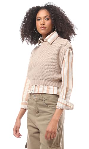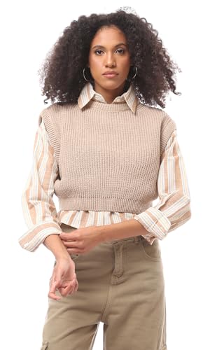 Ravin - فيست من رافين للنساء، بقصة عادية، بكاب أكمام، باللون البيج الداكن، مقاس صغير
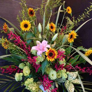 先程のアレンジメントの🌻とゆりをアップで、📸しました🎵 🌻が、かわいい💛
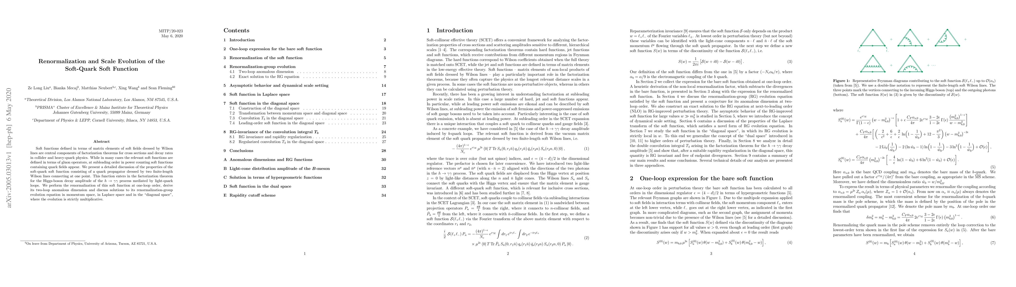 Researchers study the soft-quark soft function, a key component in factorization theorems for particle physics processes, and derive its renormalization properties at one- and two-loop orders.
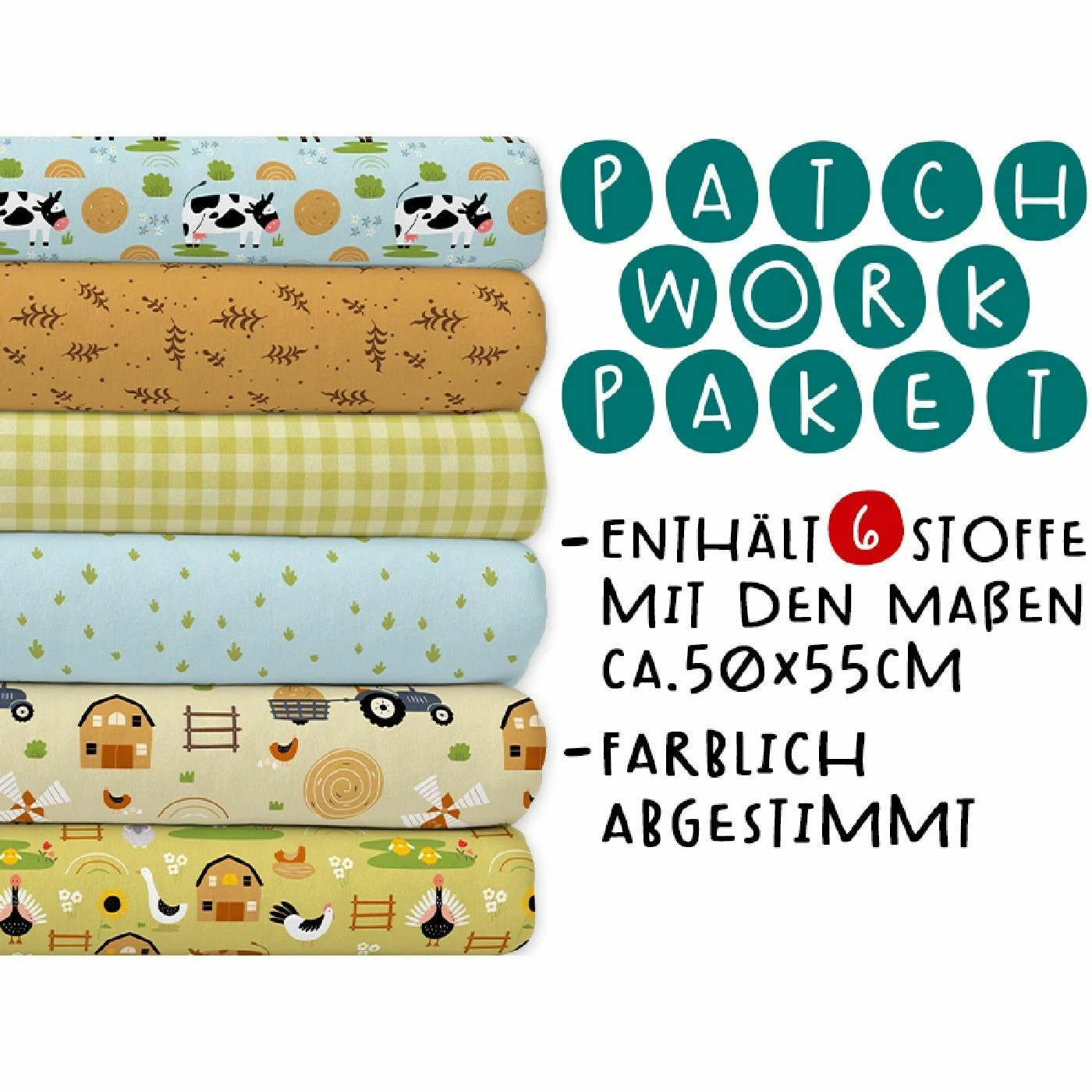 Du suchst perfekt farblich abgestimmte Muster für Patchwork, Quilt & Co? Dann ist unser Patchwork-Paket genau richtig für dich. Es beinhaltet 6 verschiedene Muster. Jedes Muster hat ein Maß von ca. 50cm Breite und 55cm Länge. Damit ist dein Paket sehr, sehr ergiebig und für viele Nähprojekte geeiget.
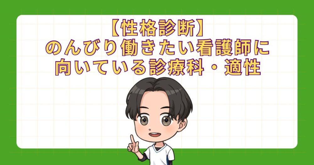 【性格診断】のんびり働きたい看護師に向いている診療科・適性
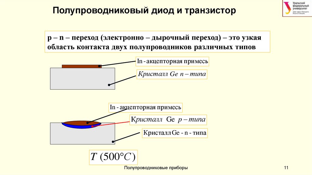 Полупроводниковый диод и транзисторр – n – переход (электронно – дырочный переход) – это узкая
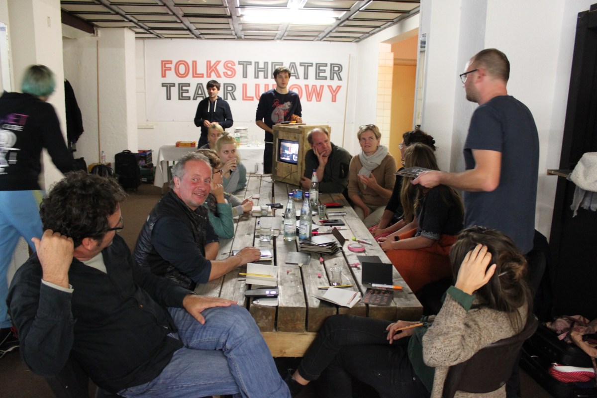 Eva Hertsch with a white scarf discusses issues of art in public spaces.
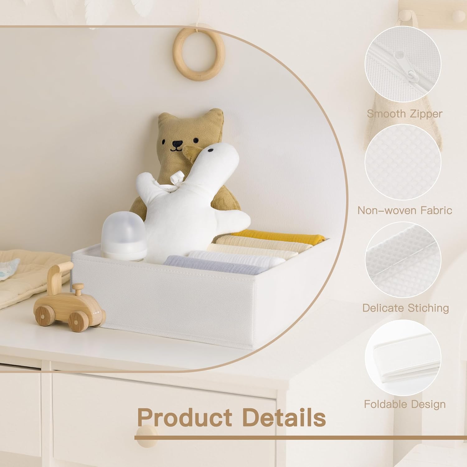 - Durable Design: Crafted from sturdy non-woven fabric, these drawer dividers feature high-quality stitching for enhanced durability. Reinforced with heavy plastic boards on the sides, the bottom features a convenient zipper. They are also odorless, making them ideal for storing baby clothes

——————

§ **What you have to do**:
Restate the entries above word for word, keeping pictures out of the copy.

§ **Output below**:
 Ravin - فيست من رافين للنساء، بقصة عادية، بكاب أكمام، باللون البيج الداكن، مقاس صغير
 先程のアレンジメントの🌻とゆりをアップで、📸しました🎵 🌻が、かわいい💛
 Researchers study the soft-quark soft function, a key component in factorization theorems for particle physics processes, and derive its renormalization properties at one- and two-loop orders.
 Du suchst perfekt farblich abgestimmte Muster für Patchwork, Quilt & Co? Dann ist unser Patchwork-Paket genau richtig für dich. Es beinhaltet 6 verschiedene Muster. Jedes Muster hat ein Maß von ca. 50cm Breite und 55cm Länge. Damit ist dein Paket sehr, sehr ergiebig und für viele Nähprojekte geeiget.
 【性格診断】のんびり働きたい看護師に向いている診療科・適性
 Полупроводниковый диод и транзисторр – n – переход (электронно – дырочный переход) – это узкая
 Eva Hertsch with a white scarf discusses issues of art in public spaces.
 - Durable Design: Crafted from sturdy non-woven fabric, these drawer dividers feature high-quality stitching for enhanced durability. Reinforced with heavy plastic boards on the sides, the bottom features a convenient zipper. They are also odorless, making them ideal for storing baby clothes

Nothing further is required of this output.